**COLLECTED MATERIAL:**
::::::::::
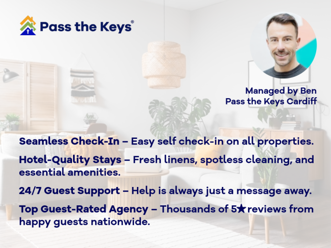 Hi, I'm Ben Simmons, owner of Pass the Keys® Cardiff & Newport. I am very excited to provide expert holiday let management to the cultural city and vibrant towns of Cardiff and Newport. If you have a property in Cardiff and Newport and are interested to find out how much you could earn as a short-let host through Airbnb, give Pass the Keys® Cardiff & Newport a call on today.
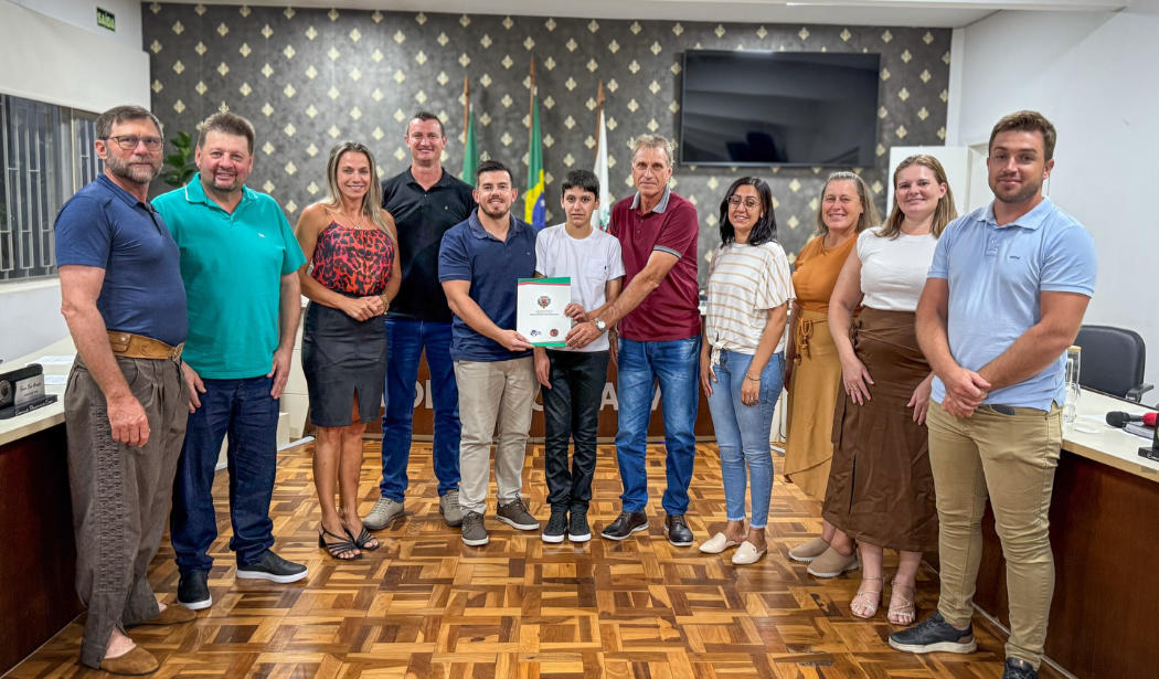 A Câmara de Vereadores de Casca aprovou a Moção de Aplausos nº 01/2026 em reconhecimento ao desempenho acadêmico do estudante Arthur Bordignon. A proposição é de autoria do vereador Arlindo Bordignon.
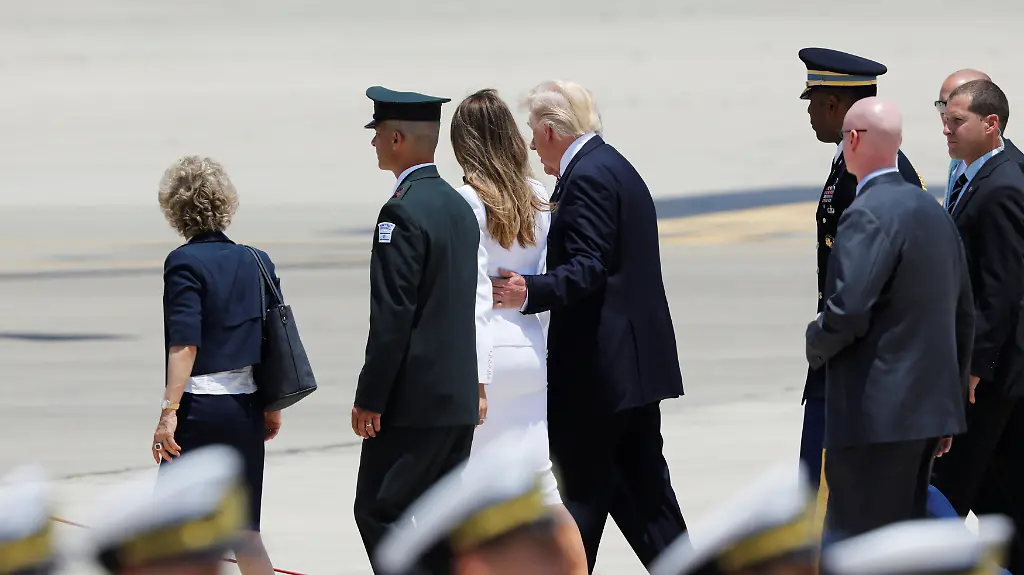 Was ist denn da in Israel los? Abseits der großen Politik sorgt ein Mini-Handgemenge auf dem Flughafen von Tel Aviv für Aufmerksamkeit. In den Hauptrollen: Donald und Melania Trump.
::::::::::
**PROBLEM:**
Omit the pictures and write out the lines above from the one with "A Câmara de" through the last, unchanged.

**ANSWER BELOW:**
 A Câmara de Vereadores de Casca aprovou a Moção de Aplausos nº 01/2026 em reconhecimento ao desempenho acadêmico do estudante Arthur Bordignon. A proposição é de autoria do vereador Arlindo Bordignon.
 Was ist denn da in Israel los? Abseits der großen Politik sorgt ein Mini-Handgemenge auf dem Flughafen von Tel Aviv für Aufmerksamkeit. In den Hauptrollen: Donald und Melania Trump.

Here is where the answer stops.